Exercise requirements »
Images are not wanted; transcribe the rest of the listing exactly.

*** Opening of Extracted material ***

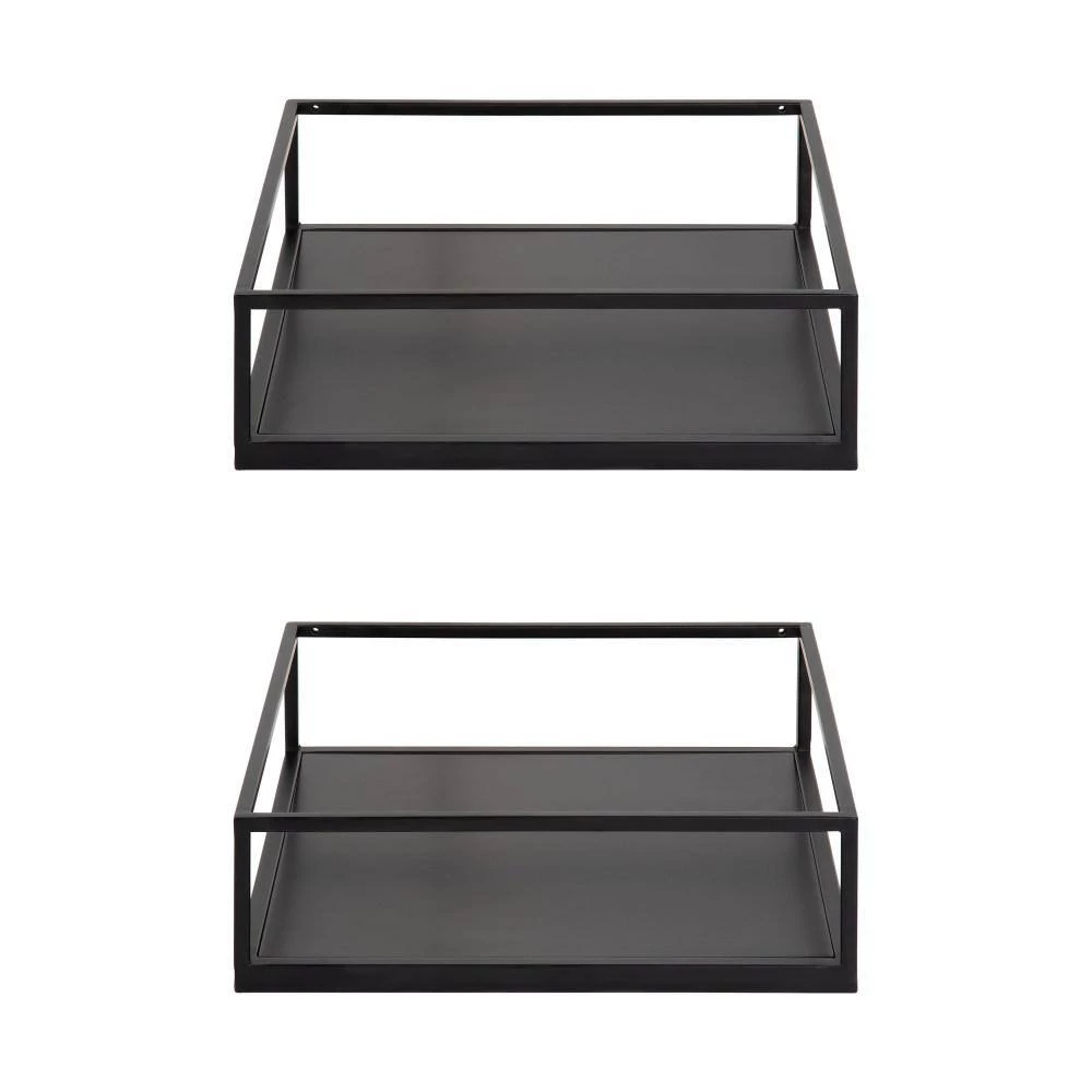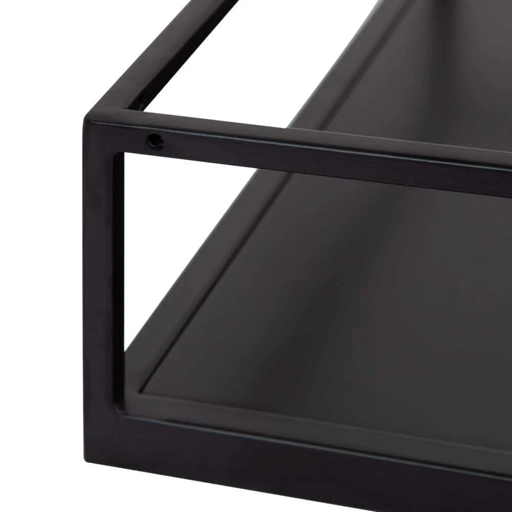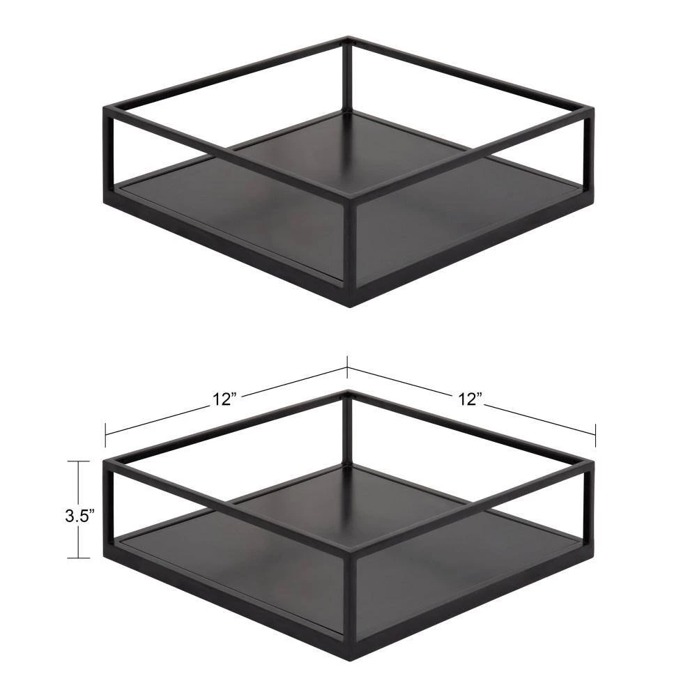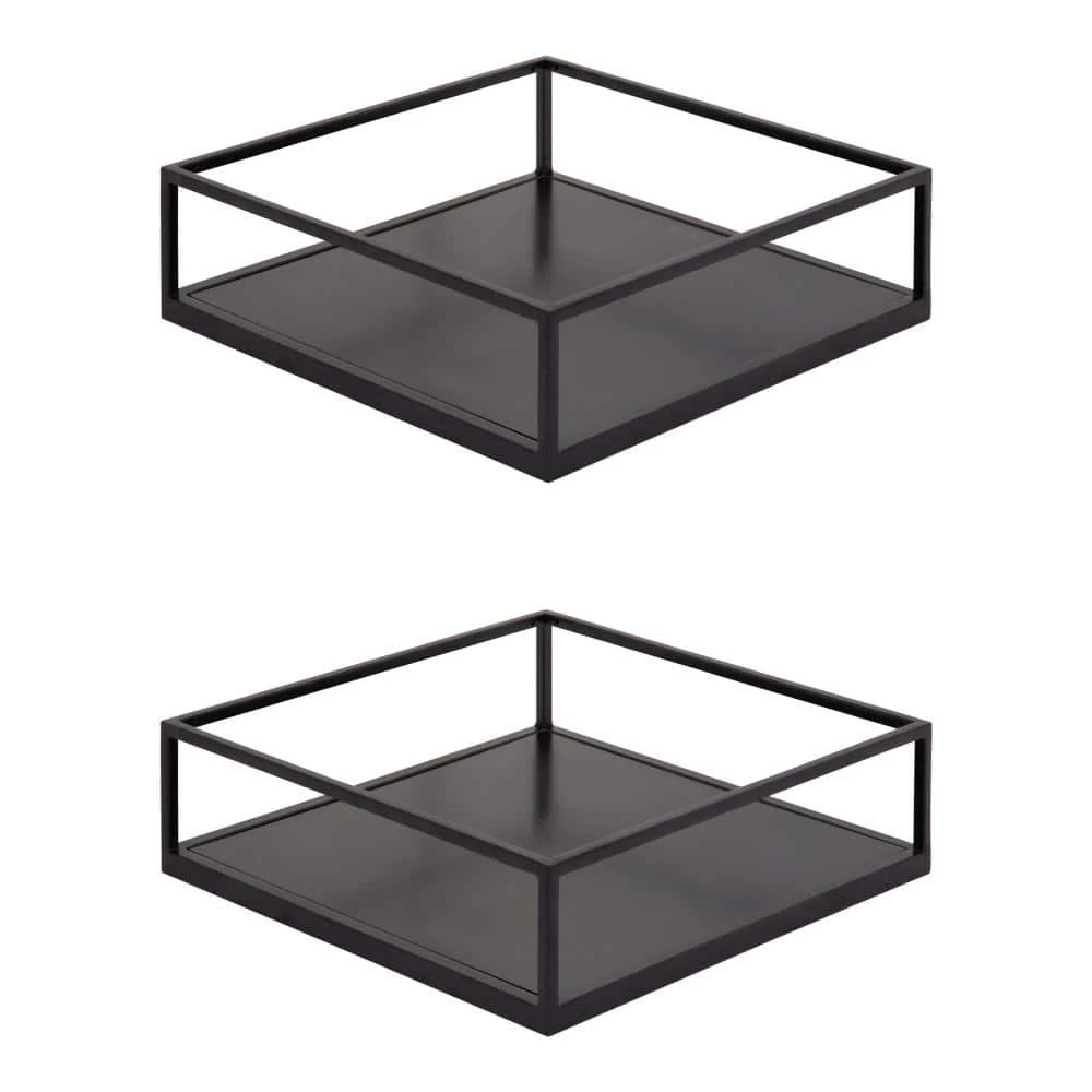 Add a space to display your favorite small plants, frames and keepsakes with the Lintz corner shelf set. This shelf set brings modern simplicity to your home with its sleek black metal frame, with clean, geometric lines and unique compact design. Each corner shelf in this set is 12 in. Wide x 12 in. Deep, with a 3.5 in. H. The size of this small shelf allows you to store and display your smaller items with ease, showcasing your own personal taste in decorative items. Mount these contemporary modern designs together in one room or throughout your home for a cohesive decor theme. The Lintz shelf set would look excellent in any modern living room, bedroom, entryway, dining room, kitchen or home office. They also save time with pre-drilled holes and included hardware for easy installation in a matter of seconds. There are no complicated instructions to follow, no assembly required or dozens of pieces to keep track of. With a simplistic design and a simple installation, this shelf set is an excellent way to put effort into your home without putting much effort in at all.
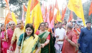 The evening procession began at 4:31 PM from the temple premises. Moreover, 1,501 devotees carried ceremonial flags during the march.
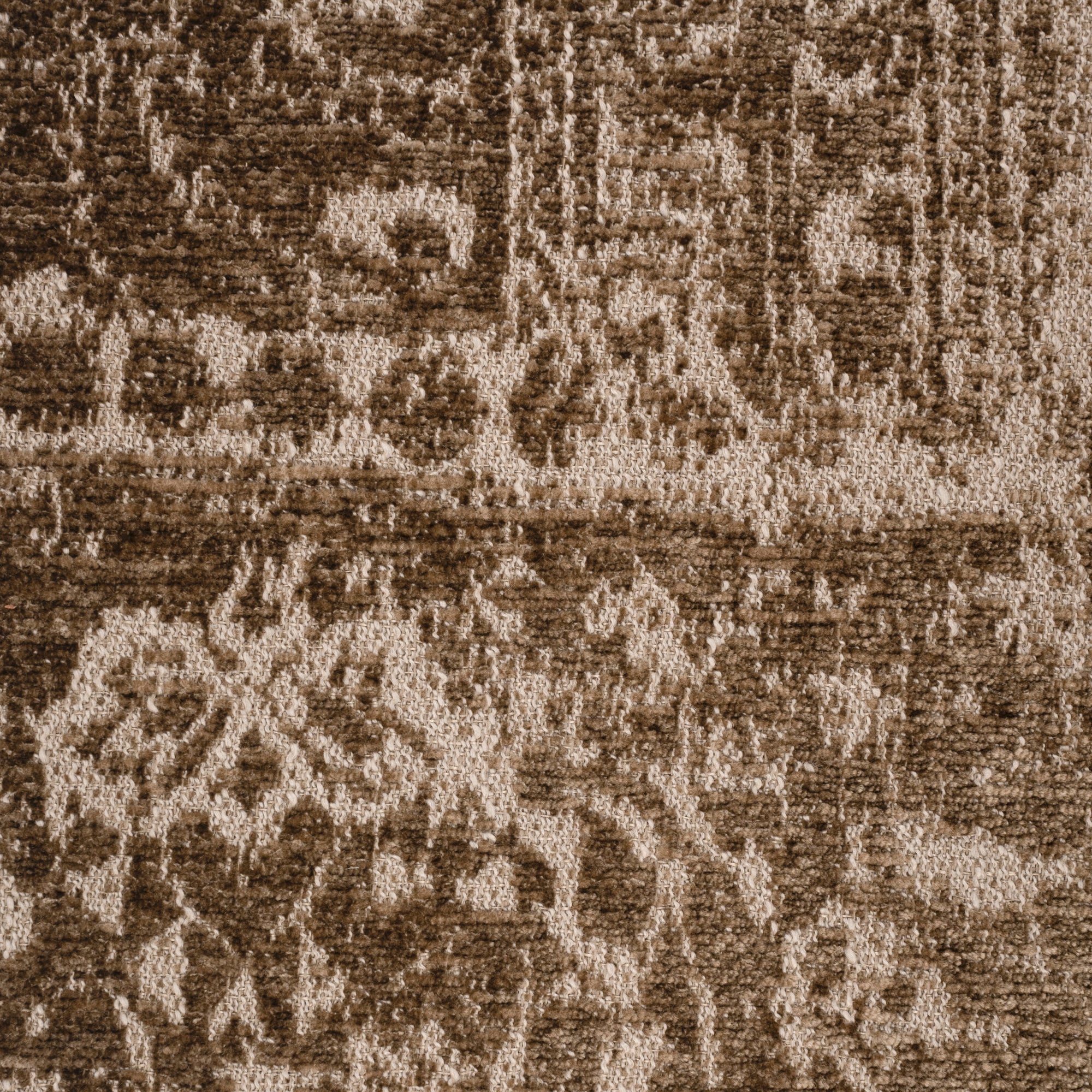 Mercado is a jacquard chenille design inspired by antique rug patterns. The novelty warp yarns provide a subtle texture against the dense chenille, giving this fabric a soft, vintage look.
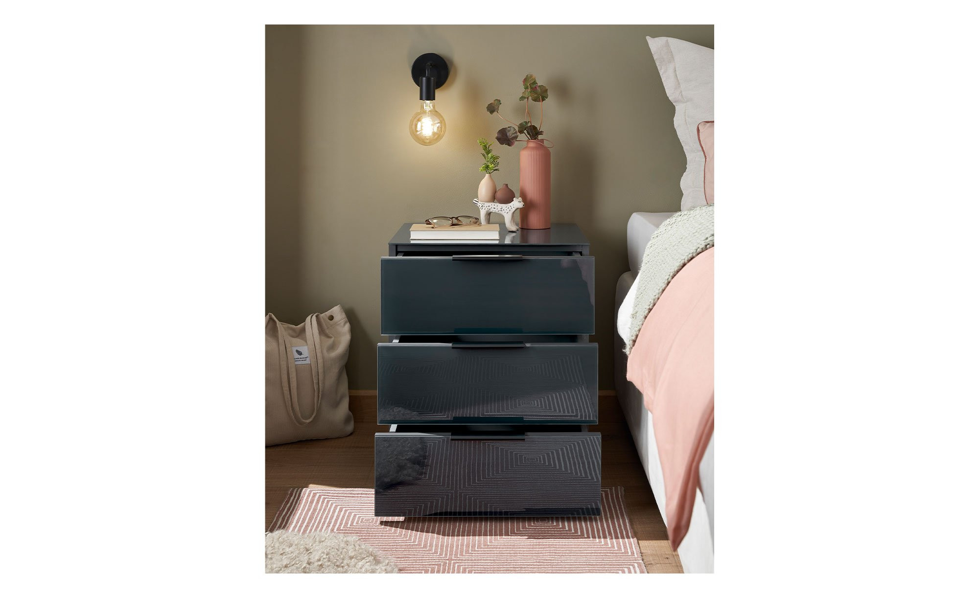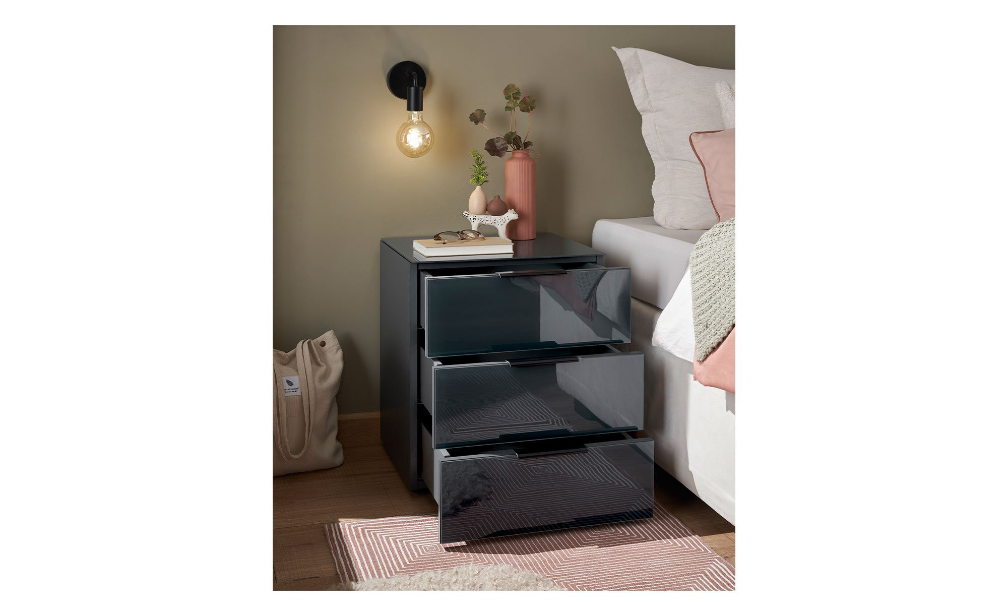 Drei Schubkästen bieten praktischen Stauraum und lassen sich dank der schwarzen Kunststoffgriffe bequem bedienen – ein dezenter Kontrast, der auch dem Erscheinungsbild das gewisse Etwas verleiht.
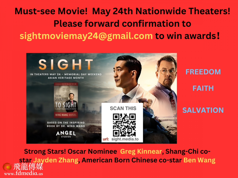 Sight 电影是一部激动人心的获奖电影, 5/24 即将在全美各大影院播放。 Sight不仅是一部电影,更是一个人心灵的觉醒,是对人类从黑暗到光明的深刻诠释。
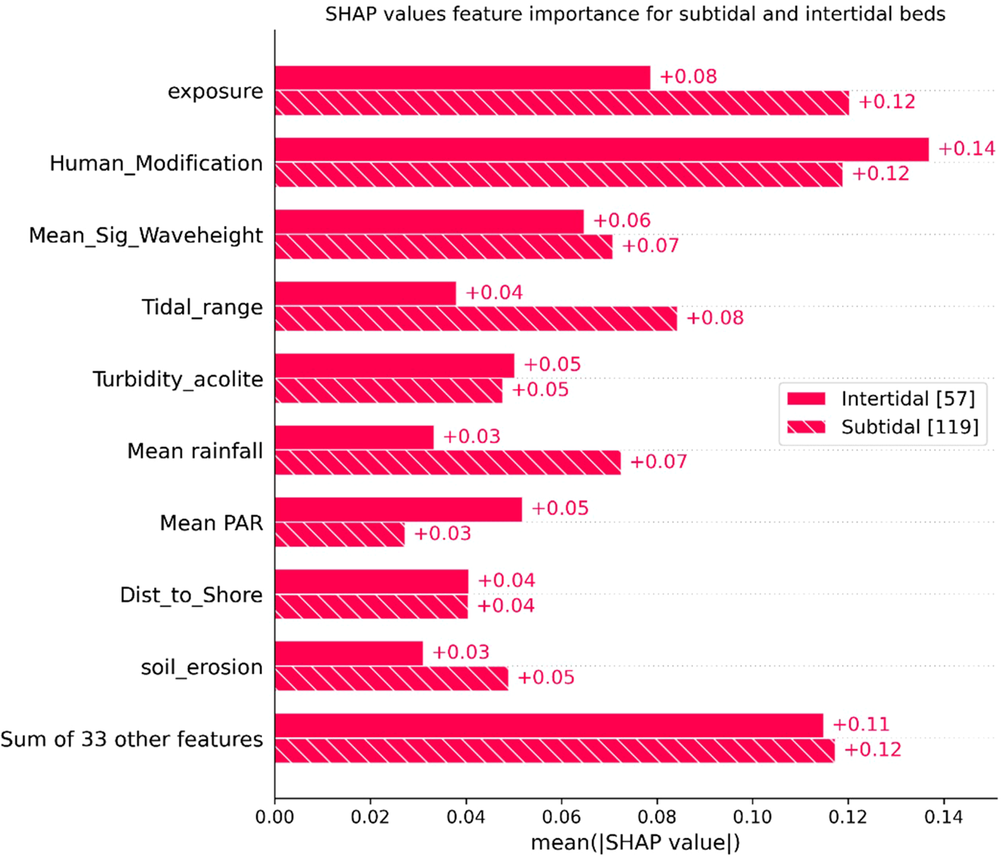 Bar plot illustrating the mean SHAP values for each feature, highlighting their importance across subtidal and intertidal beds. Here, the dataset corresponds to 42 features due to the encoding of categorical variables.
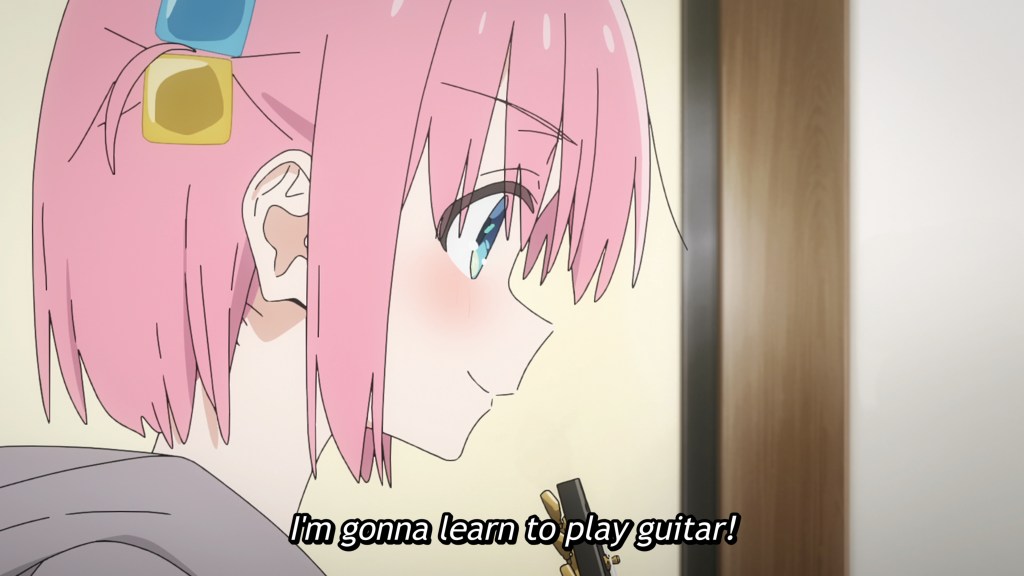 For Bocchi, that moment of vision—of seeing bright, colorful life amid the gray of her current existence—comes in the first year of middle school, when she sees a tv interview with a popular young musician. He was once like her, a shy loner, but music and joining a band gave him a whole new life. “A band is a place where even introverts can shine,” he explains. In a flash, Bocchi receives a vision of her life inverted, and it fires her up! She etches it on her heart and pursues it with reckless abandon. Later, when she hits another rough patch, her vision is renewed when her senpai Hiroi shares a similar story with her, reviving the dream and injecting Bocchi with a fresh sense of possibility and purpose.
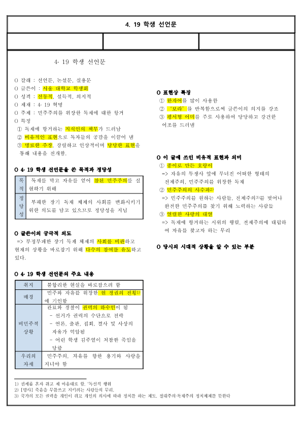 O 4․ 19 학생 선언문을 쓴 목적과 정당성

*** Close of Extracted material ***

Answer to the problem »
 Add a space to display your favorite small plants, frames and keepsakes with the Lintz corner shelf set. This shelf set brings modern simplicity to your home with its sleek black metal frame, with clean, geometric lines and unique compact design. Each corner shelf in this set is 12 in. Wide x 12 in. Deep, with a 3.5 in. H. The size of this small shelf allows you to store and display your smaller items with ease, showcasing your own personal taste in decorative items. Mount these contemporary modern designs together in one room or throughout your home for a cohesive decor theme. The Lintz shelf set would look excellent in any modern living room, bedroom, entryway, dining room, kitchen or home office. They also save time with pre-drilled holes and included hardware for easy installation in a matter of seconds. There are no complicated instructions to follow, no assembly required or dozens of pieces to keep track of. With a simplistic design and a simple installation, this shelf set is an excellent way to put effort into your home without putting much effort in at all.
 The evening procession began at 4:31 PM from the temple premises. Moreover, 1,501 devotees carried ceremonial flags during the march.
 Mercado is a jacquard chenille design inspired by antique rug patterns. The novelty warp yarns provide a subtle texture against the dense chenille, giving this fabric a soft, vintage look.
 Drei Schubkästen bieten praktischen Stauraum und lassen sich dank der schwarzen Kunststoffgriffe bequem bedienen – ein dezenter Kontrast, der auch dem Erscheinungsbild das gewisse Etwas verleiht.
 Sight 电影是一部激动人心的获奖电影, 5/24 即将在全美各大影院播放。 Sight不仅是一部电影,更是一个人心灵的觉醒,是对人类从黑暗到光明的深刻诠释。
 Bar plot illustrating the mean SHAP values for each feature, highlighting their importance across subtidal and intertidal beds. Here, the dataset corresponds to 42 features due to the encoding of categorical variables.
 For Bocchi, that moment of vision—of seeing bright, colorful life amid the gray of her current existence—comes in the first year of middle school, when she sees a tv interview with a popular young musician. He was once like her, a shy loner, but music and joining a band gave him a whole new life. “A band is a place where even introverts can shine,” he explains. In a flash, Bocchi receives a vision of her life inverted, and it fires her up! She etches it on her heart and pursues it with reckless abandon. Later, when she hits another rough patch, her vision is renewed when her senpai Hiroi shares a similar story with her, reviving the dream and injecting Bocchi with a fresh sense of possibility and purpose.
 O 4․ 19 학생 선언문을 쓴 목적과 정당성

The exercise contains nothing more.